Saturday, January 14, 2017

Altamirano routs McDonald in all-NorCal matchup

Collin Altamirano, shown in 2014,
reached the semis of 25K Long
Beach. Photo by Paul Bauman
   Collin Altamirano and Mackenzie McDonald have much in common.
   Both are 21-year-old Northern California products with sterling NCAA credentials.
   The main difference is size. Altamirano is 6-foot-1 (1.85 meters), while McDonald is 5-10 (1.78) and weighs only 145 pounds (66 kilograms).
   Altamirano, a wild card from Sacramento, routed the fourth-seeded McDonald, who grew up in Piedmont in the San Francisco Bay Area, 6-3, 6-1 on Friday in the quarterfinals of the Legends $25,000 Tennis Tournament in Long Beach.
   Two rounds of singles were played Friday after rain wiped out play on Thursday. McDonald, who won last week's USC/Los Angeles $25,000 Tennis Tournament, dismissed U.S. qualifier Mico Santiago 6-2, 6-2 in 1 hour, 17 minutes earlier in the day.
   Altamirano had a tougher time against McDonald in the 2013 U.S. Open boys round of 16, prevailing 3-6, 6-4,
6-3. Altamirano then lost to top-seeded Alexander Zverev, a German now ranked No. 24 in the world at 19 years old and touted by Rafael Nadal as a future No. 1.

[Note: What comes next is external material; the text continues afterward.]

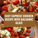 This Caprese Chicken recipe is a vibrant Italian-inspired dish featuring juicy seared chicken breasts topped with fresh mozzarella, sweet grape tomatoes, and a rich balsamic glaze. Baked to perfection and garnished with fresh basil, it combines savory, tangy, and fresh flavors in an easy-to-make skillet meal ideal for weeknight dinners or special occasions.

   Both Altamirano and McDonald won NCAA titles last year. Altamirano helped Virginia win its second consecutive team championship as a sophomore. He is returning to the team this season. McDonald swept the NCAA singles and doubles crowns as a UCLA junior, then turned pro.
   Altamirano will meet his Virginia teammate, freshman Carl Soderlund of Sweden, for the second straight week. Soderlund won 7-6 (7), 6-3 in the Los Angeles quarterfinals en route to the final.
   Soderlund, seeded No. 8 in Long Beach, upset No. 1 Tommy Paul of Boca Raton, Fla., 6-3, 7-5 in Friday's quarterfinals. In 2015, Paul joined John McEnroe (1977) and Bjorn Fratangelo (2011) as the only Americans in the Open Era (since 1968) to win the French Open boys singles title.  
   In the other semifinal, Marcos Giron, the 2014 NCAA singles champion from UCLA, will face Sebastian Fanselow, a former Pepperdine All-American from Germany.